Пациент: (Уходит, молния на его куртке застревает.)
В моей манере интерпретировать в тот период еще была видна потребность сразу же насытить текст, составив почти «символическое уравнение» (Segal, 1957): самолет + поезд = отъезд, с необходимостью, а не как одна из возможных гипотез.
Не было еще пространства для ненасыщенности, не было еще открытости незнакомым местам и возможным мирам, не выражены были негативные способности аналитика (Bion, 1970), понимаемые как способность выдерживать сомнения и ждать появления ненасыщенной конфигурации «избранного факта» (Bion, 1962).
И на вторую интервенцию пациента (кот и карандаш) я тоже отвечаю насыщением текста (одиночество-отъезд), превращая этим настоящую и адекватную трансформацию в галлюцинаторную, то есть интерпретируя на основе моего собственного преобладающего кода, на основе «энциклопедии» (Есо, 1979), принятой за правду отношений и эмоций.
Сеанс в четверг начинается приемлемо, интерпретация анальной мастурбации дана вполне допустимым образом (Ферраццано и необходимость справляться самому).
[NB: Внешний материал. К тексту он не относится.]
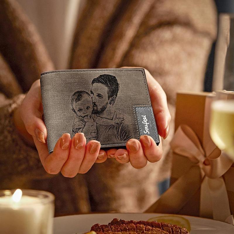 Men's Bifold Custom Inscription Photo Engraved Wallet - Coffee Leather - yournamenecklaceuk Men's Bifold Custom Inscription Photo Engraved Wallet - Coffee Leather - yournamenecklaceuk

Но когда пациент затем говорит о фонтане, я не подхватываю его облегчения — того позитивного, что возникает в этот момент, — и из-за чувства вины за пропуск сеанса продолжаю настаивать на своем — вплоть до низведения сеанса к непониманию и преследованию. Я не увидел, что под грузом моих преувеличений и наседаний пациент уже пыхтит, отдувается, у него «искры из глаз сыпятся», и это мешает ему даже не столько расстаться со мной, сепарироваться, сколько прежде всего раскрыться мне на сеансе.
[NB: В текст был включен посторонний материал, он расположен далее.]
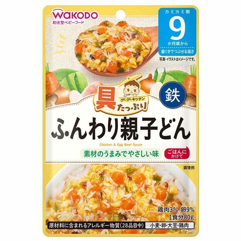 ●原材料名:野菜(にんじん(国産)、キャベツ、さやいんげん)、オニオンソテー、卵黄(卵を含む)、卵白、鶏ほぐし身、かつお昆布だし、砂糖、しいたけ水煮、しょうゆ(小麦・大豆を含む)、チキンエキス、食塩/増粘剤(加工でん粉)、クエン酸、ピロリン酸鉄 ●内容量:80g ●栄養成分表示:単位重量1袋(80g)当たり エネルギー:37kcal、たんぱく質:1.5~2.6g、脂質:1.1g、炭水化物:4.7g、食塩相当量:0.32g、鉄:1.5mg ●原材料に含まれるアレルギー物質(28品目中):小麦、卵、大豆、鶏肉 ●使用開始月齢:9ヵ月頃から

Луиза и паром в сторону независимости
Вот сеанс уже долго продолжавшегося анализа, состоявшийся непосредственно перед тем, как я переехал работать из кабинета в моем доме в отдельный офис.
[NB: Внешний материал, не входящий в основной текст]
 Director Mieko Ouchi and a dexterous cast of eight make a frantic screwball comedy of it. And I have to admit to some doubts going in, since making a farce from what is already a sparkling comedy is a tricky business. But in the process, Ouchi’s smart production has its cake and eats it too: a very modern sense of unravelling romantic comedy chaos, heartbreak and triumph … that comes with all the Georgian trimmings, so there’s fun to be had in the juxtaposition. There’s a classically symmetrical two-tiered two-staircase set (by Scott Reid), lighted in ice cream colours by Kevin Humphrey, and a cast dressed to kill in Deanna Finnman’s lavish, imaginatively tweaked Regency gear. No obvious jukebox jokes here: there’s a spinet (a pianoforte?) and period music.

Пациентка: Столько всего случилось в конце недели, что это я нуждаюсь в Марчелле, а не она во мне. Я — в ней... Даже если Марчелле плохо... Я потом была с Луизой и с Симоне. С Симоне мы пошли обедать с одной супружеской парой к Микеле. Микеле — это молодой человек Анны-Марии, сестры Клаудии... я об этом Марчелле рассказала... Мне потом приснилось, что я совершила убийство. Когда я проснулась, я подумала, что, наверное, жертва — это Марчелла... Потом я подумала о переезде, мне пришел в голову переезд моих родителей из одного дома в два дома рядом — один для них, а один, поменьше, — для нас с Мариной, а Фабриццио и Массимо остались с ними.